George Mackaness (9 May 1882 – 3 December 1968), born in Sydney, was a distinguished Australian educator, historian author, bibliographer and bibliophile.

==Life and career==
Born in 1882, George Mackaness was the son of George Mackaness, a printer and lithographer, and his wife Annie Ellen, née Barnett. He was one of eight children in the family.

He trained as a teacher and spent many years as English master at Fort Street Boys' High School, Sydney. His book Inspirational Teaching was widely acclaimed. He was in charge of the English Department at Sydney Technical College from 1924 to 1946. He was on the board of the Commonwealth Literary Fund, and a trustee of the Public Library of New South Wales. He was longtime member of the Royal Australian Historical Society, and president in 1948–9.
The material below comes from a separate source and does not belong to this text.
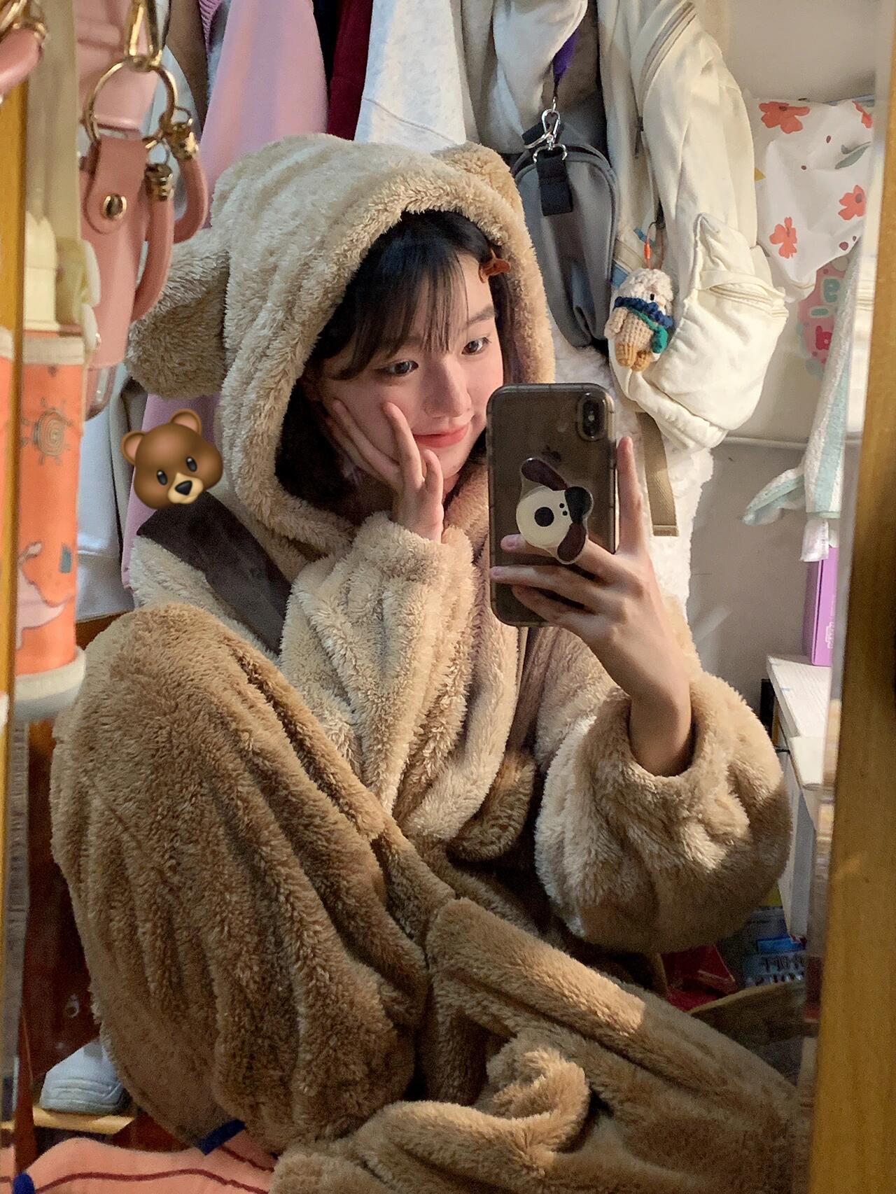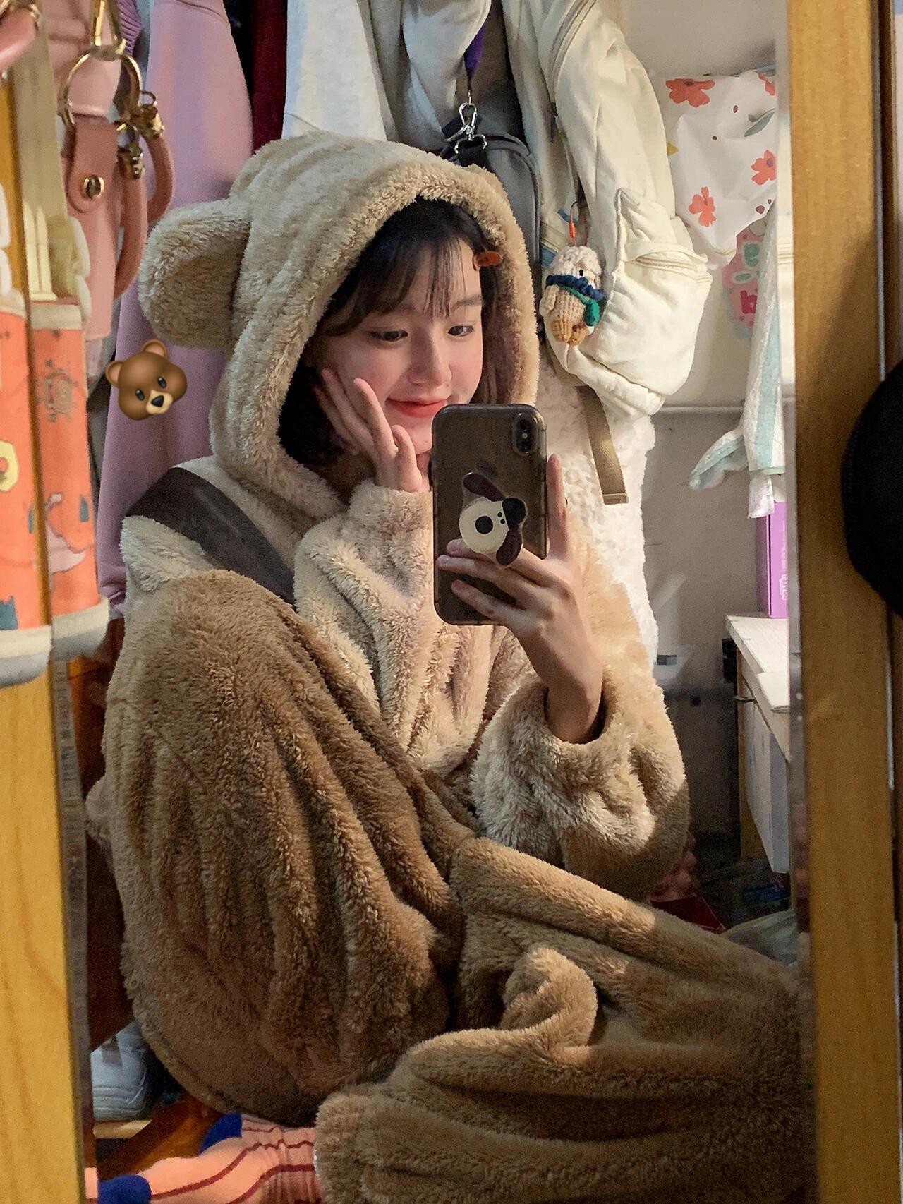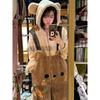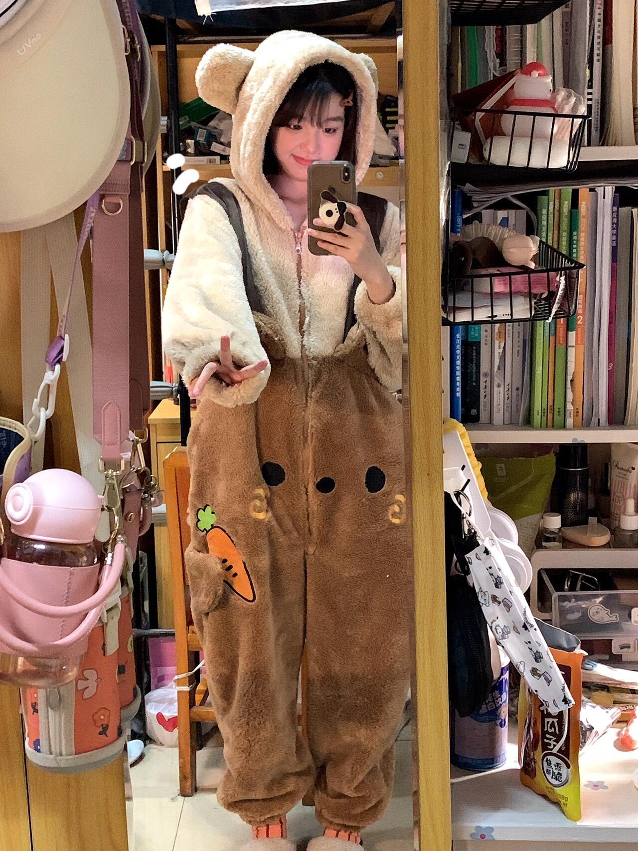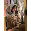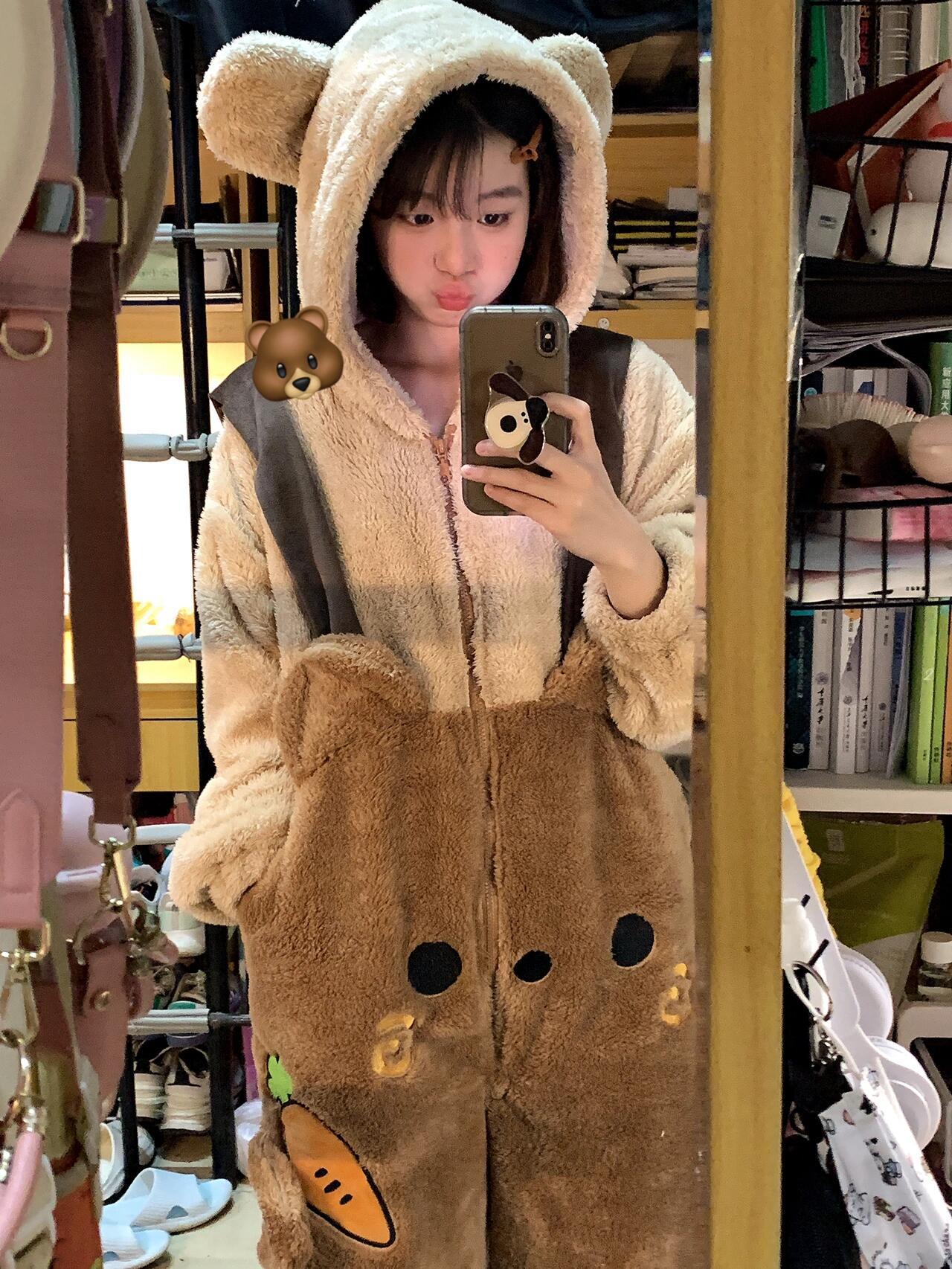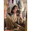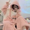Pijama Macacão Feminino Inverno Novo de Pelúcia Coral com Capuz Urso Fofo Desenho Animado Tamanho Plus Roupas de Casa

He wrote over 70 books and journal articles, including a life of William Bligh (1930) and Arthur Phillip (1937). Between 1935 and 1962, he edited and privately published in limited editions, a series of Australian Historical Monographs (later reprinted by Review Publications, Dubbo), consisting of valuable original research plus reprints of key but forgotten historical pamphlets.
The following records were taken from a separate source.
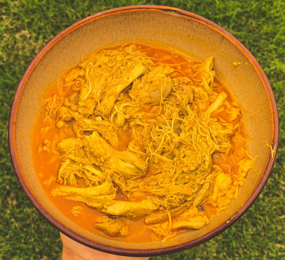 When you are ready for serving it is best served over a bed of cauliflower rice but can be eaten alone as well, use tongs to put some chicken into a bowl and ladle the sauce over it.
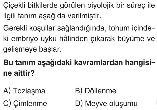 6. Sınıf Tohumun Çimlenmesine Etki Eden Faktörler Test 1
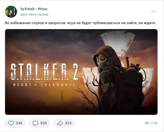 А теперь ещё и команда репакеров (так называют создателей сборок взломанных компьютерных игр) byxatab заявила, что геймерам лучше не ждать от них взлома «Сталкера», чтобы поиграть бесплатно.
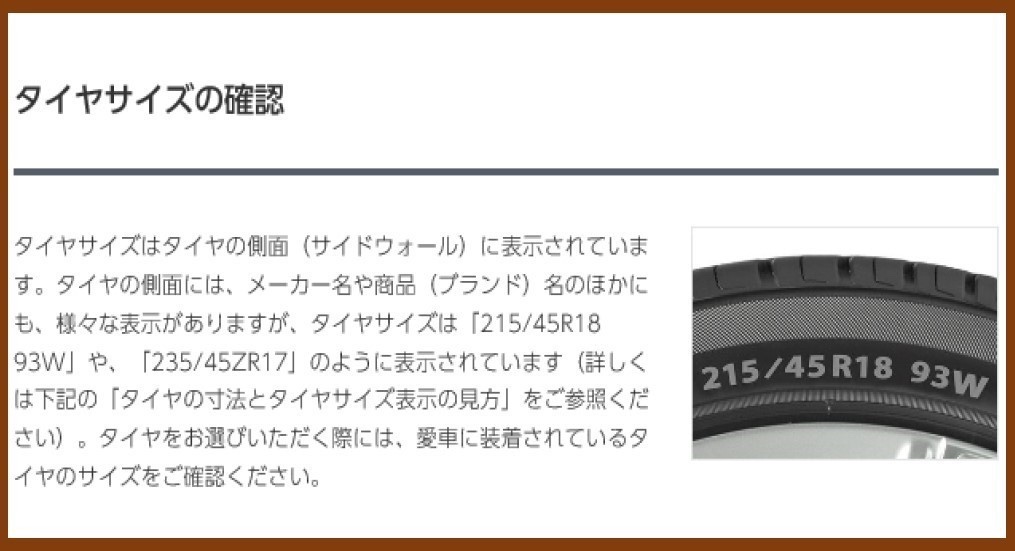画像のように例えば、215/45R18 93W などと記載されておりますので、
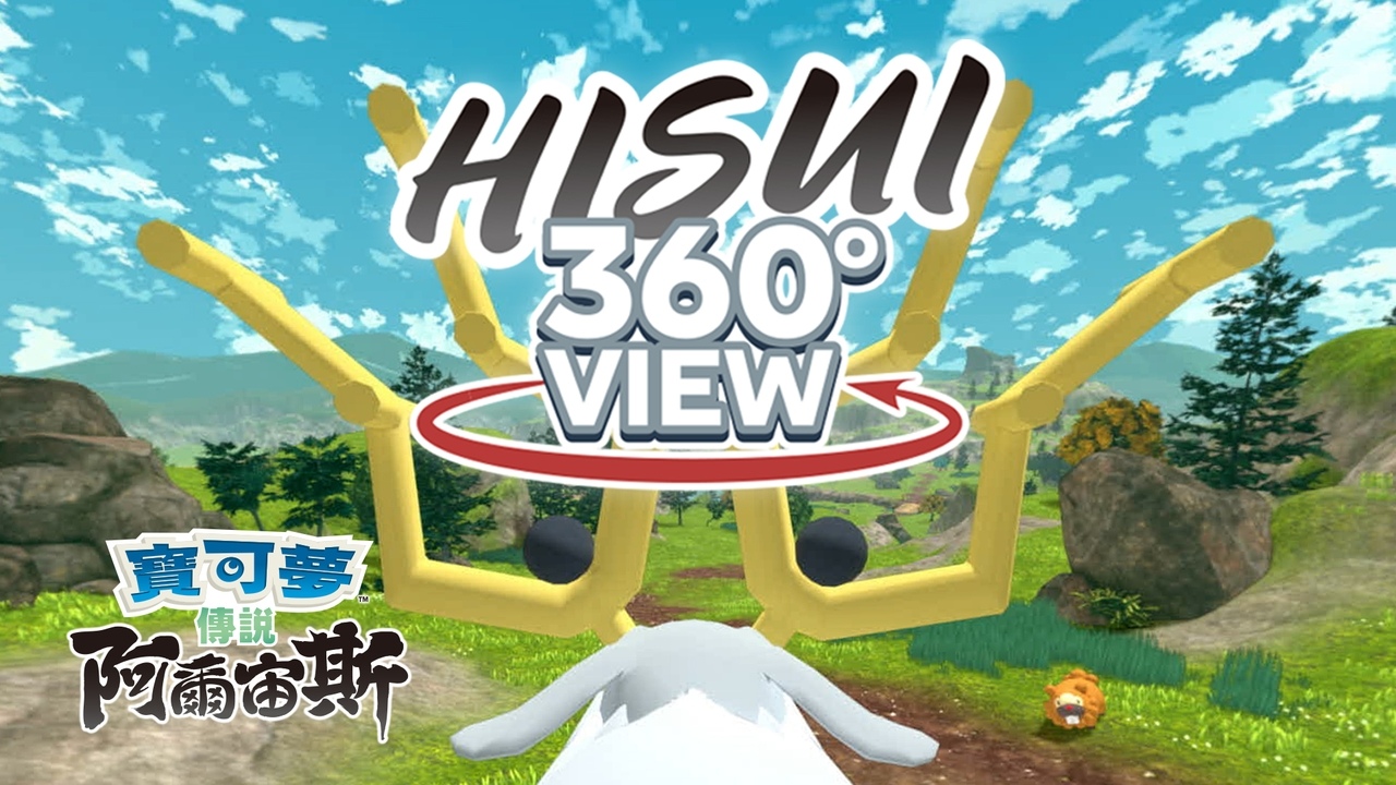 作為冒險舞台的洗翠地區,特色為土地遼闊且自然資源豐富。本次公開的 360° 動畫「HISUI 360°VIEW」中,再現了彷彿置身於洗翠地區的臨場感。 在影片中,可以點選螢幕畫面自由改變角度和方向,體驗與寶可夢相遇的樂趣。除此之外,也可以利用三隻不同的寶可夢移動,體驗遊戲中的「寶可騎行」。包含了在陸地上奔跑的「詭角鹿」,在天空中翱翔的「勇士雄鷹」(洗翠的樣子),以及在水中氣勢磅礡直前的「幽尾玄魚」,體驗到與寶可夢共同在洗翠地區奔跑冒險的樂趣。透過「HISUI 360°VIEW」來實際體驗《寶可夢傳說 阿爾宙斯》的魅力吧!

He amassed in his Drummoyne home probably the largest private collection of Australian books. This huge library was sold via three catalogues issued by Angus & Robertson in 1966.
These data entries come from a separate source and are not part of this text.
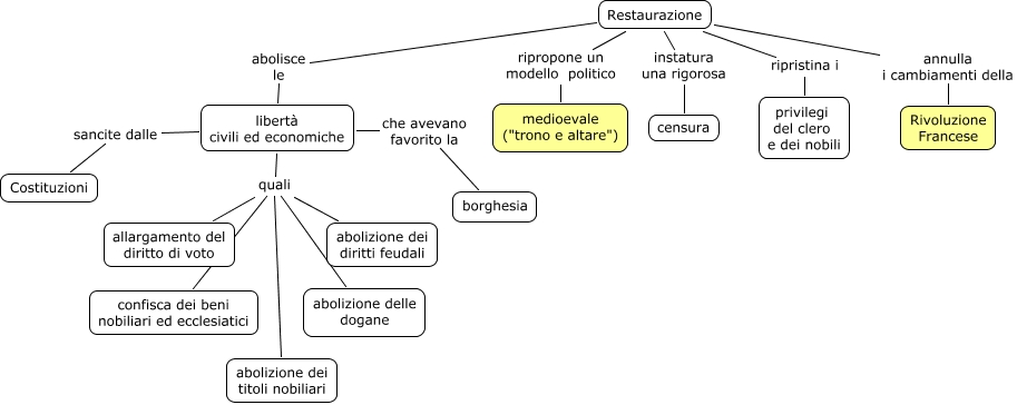 Questa Cmap, creata con IHMC CmapTools, contiene informazioni relative a: 03) Restaurazione, libertà civili ed economiche quali abolizione dei diritti feudali, Restaurazione ripropone un modello politico medioevale ("trono e altare"), libertà civili ed economiche quali abolizione delle dogane, Restaurazione ripristina i privilegi del clero e dei nobili, libertà civili ed economiche quali abolizione dei titoli nobiliari, Restaurazione abolisce le libertà civili ed economiche, libertà civili ed economiche quali allargamento del diritto di voto, Restaurazione instatura una rigorosa censura, libertà civili ed economiche quali confisca dei beni nobiliari ed ecclesiatici, libertà civili ed economiche che avevano favorito la borghesia, Restaurazione annulla i cambiamenti della Rivoluzione Francese, libertà civili ed economiche sancite dalle Costituzioni
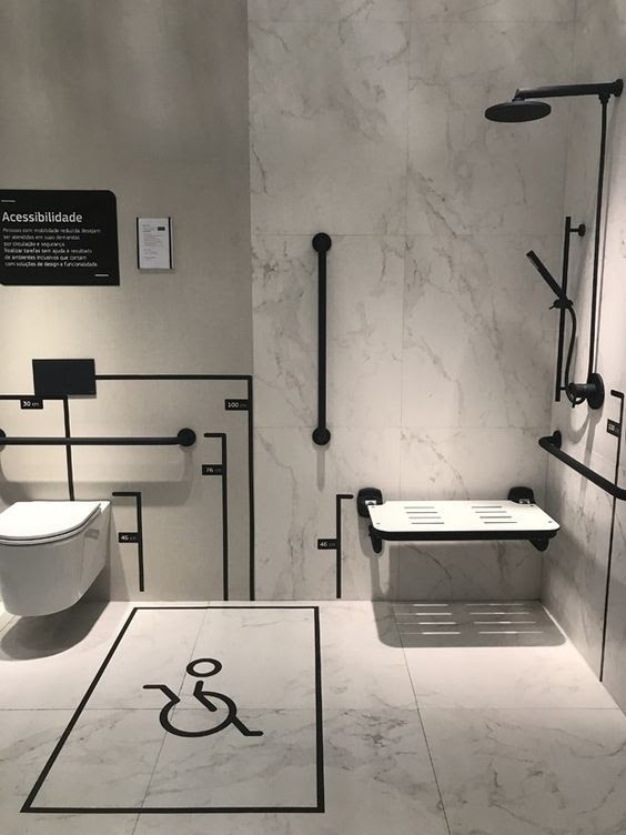 Os banheiros são adaptados com equipamentos modernos para atender às necessidades de pessoas com deficiência, proporcionando conforto e autonomia.
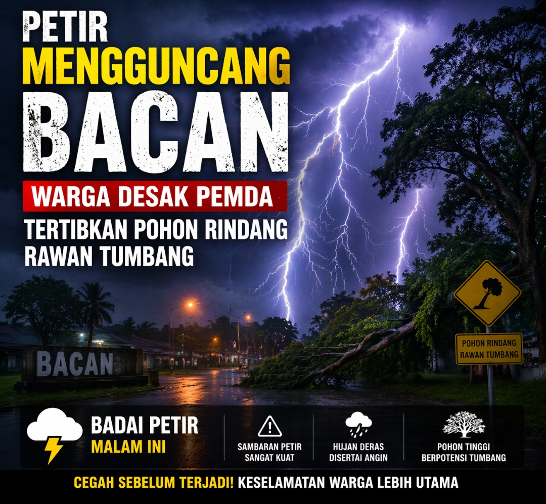 “Suara petirnya sangat kuat, dan kilatnya seperti menyambar berulang. Kami takut kalau sampai kena pohon besar di dekat rumah, di hidayat & Tomori.” ujar salah satu warga Bacan.

Mackaness was president of the Book Collectors Society of Australia for two years (1958–1959). He was awarded the OBE in 1961 and an honorary DSc (Syd) in 1961.

==Personal life==
He married Alice Matilda Symons in 1906. They would have one daughter, Joan.

==Bibliography==
Below is a select list of the books published by Mackaness. Many of them are described in E. Morris Miller and Frederick T. Macartney's Australian Literature, a Bibliography to 1938, Extended to 1950.

===Anthologies===
- Children's Treasury of Australian Verse, Ed. by Bertram Stevens and G. Mackaness. (Syd., Angus and Robertson.) 1913.
- Selections from the Australian Poets. Ed. by Bertram Stevens and G. Mackaness. (Syd., Angus and Robertson.) 1913.
- Australian Short Stories. Chosen and ed. by G. Mackaness. (Lond., Dent.) 1928.
- Frolic Fair: A Book of Australian Verse for Children under Ten. Chosen by Joan S. Mackaness and George Mackaness (Syd., Angus and Robertson.) 1932.
- Essays: Imaginative and Critical. Chosen from Australian Writers by G. Mackaness and J. D. Holmes. (Syd., Angus and Robertson.) 1933.
- The Wide Brown Land: A New Anthology of Australian Verse. Chosen by Joan S. Mackaness and George Mackaness (Syd., Angus and Robertson.) 1934.
- Poets of Australia: An Anthology of Australian Verse. Compiled by George Mackaness. (Syd., Angus and Robertson.) 1946.

===Bibliographies===
- An Annotated Bibliography of Henry Lawson, Sydney: Angus and Robertson, 1951.
- The Books of "The Bulletin" 1880-1952: An Annotated Bibliography, Sydney: Angus and Robertson, 1955. Authors: Walter Stone and George Mackaness.

===Australian history===
- The Life of Vice-Admiral William Bligh. (1930)
- Sir Joseph Banks: His Relations with Australia. (1936)
- Admiral Arthur Phillip: Founder of New South Wales, 1738–1814. (1937)

===English language textbooks===
- A Handbook of Intermediate English. Sydney: Angus & Robertson: 1930; new editions in most years until 1946. Authors: George Mackaness and Sidney A. Lenehan.